Geangelt habe ich dann das erste Mal an der Hakusembe River Lodge, wo wir sogar einen eigenen Steg im Okavango zwischen Namibia und Angola direkt an unserem Autostellplatz hatten. Wie gesagt war die Wassertiefe nicht der Hit, weshalb ich nach dem ersten Hänger mit dem Spinnfischen aufgehört habe um meinen Ködervorrat zu schonen. Ich habe dann mit einem Stück Leber, aufgezogen auf einen 4er Aalhaken am Grund gefischt. 60-80g Blei sind so eben liegen geblieben. Nach und nach konnte ich auch einige Fische fangen. Jedoch waren es ausschließlich ca. 20cm kleine Welse der Gattung Synodontis. Die Art war vermutlich Synodontis nigromaculatus.
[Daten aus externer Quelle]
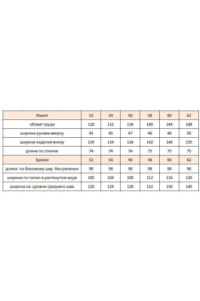 Комплект двух-предметный, состоящий и жакета и брюк-джинс. Жакет прямого силуэта, с двубортной, косой потайной застёжкой по борту, на 3 пришивные пуговицы. По правой полочке отрезная планка, по низу переда подрез с карманом и косой нагрудной выточкой. Линия плеча спущена, горловина V-образная. Спинка с кокеткой и вертикальными рельефами. Рукав втачной одношовный, длина 3/4 . Жакет на подкладке. Брюки-джинсы заужены к низу, по переду отрезная боковая фигурная деталь, с джинсовыми карманами по верхней части, застежка на молнию и джинсовую пуговицу. Притачной пояс на резинке по бокам. На задней части брюк фигурная кокетка, двойная отделочная строчка проходит по карманам, кокетке и гульфику, а также по боковой части переда брюк. Длина жакета 74 см (р 52-56), 75 см (р 58-62). Длина рукава 31,5 см (р 52-56), 30 см (р 58-62). Длина брюк по боковому шву 98 см.
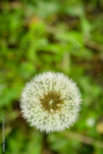 Top view of dandelion on cloudy spring day with blurred green grass in background

In der Dämmerung kamen die Bisse der kleinen Welse dann genau so schnell wie die Bisse der Mücken, so dass ich irgendwann entnervt aufgegeben habe.

An unserer nächsten Station, der Nunda River Lodge wurde mir zunächst gesagt „Angeln verboten, wergen Krokos und Hippos“. Flusspferde konnte man von der Lodge aus einige sehen und als wir mit unseren Autos an unserer Campingstelle direkt am Fluss ankamen, flüchtete ein ca. 1m „kleines“ Kroko vor mir in den Fluss, als ich mögliche Angelstellen checkte. Ich habe mich dann noch mal mit dem „Angelguide“ der Lodge kurzgeschlossen und er meinte zu mir: „Geh Angeln, aber lass dich nicht fressen!“. Gleichzeitig habe ich einen kurzen Angeltrip für den nächsten Tag gebucht. Am Abend habe ich es dann noch mal mit Leber auf Grund probiert und konnte die Synodontis Welse im Minutentakt fangen. Mit der Montage bin ich da schon auf einen 3/0er Haken mit einem ordentlichen Leberklumpen hochgegangen. Trotzdem gabs nur Kleinvieh, bis auf einen guten Fisch, der leider im Drill verloren ging. Am nächsten Tag gings dann zum Spinnfischen. Da alle meine Freunde mit auf die „Angeltour“ gekommen sind, wurde es eher eine Bootstour anstatt einer Angeltour. An der ersten Stelle hatte ich direkt 2 Bisse und einen Aussteiger auf Blinker am Fluorcarbon Vorfach. Da der Guide meinen Kollegen aber noch ein paar schöne Aussichtspunkte zeigen wollten, waren wir hier nur ein paar Minuten. Für die nächsten 2 Stunden tat sich nichts mehr, bis ich den Guide dann freundlich darum gebeten habe doch wieder zur ersten Stelle zu fahren. Und siehe da, drei Würfe zwei Tigerfische.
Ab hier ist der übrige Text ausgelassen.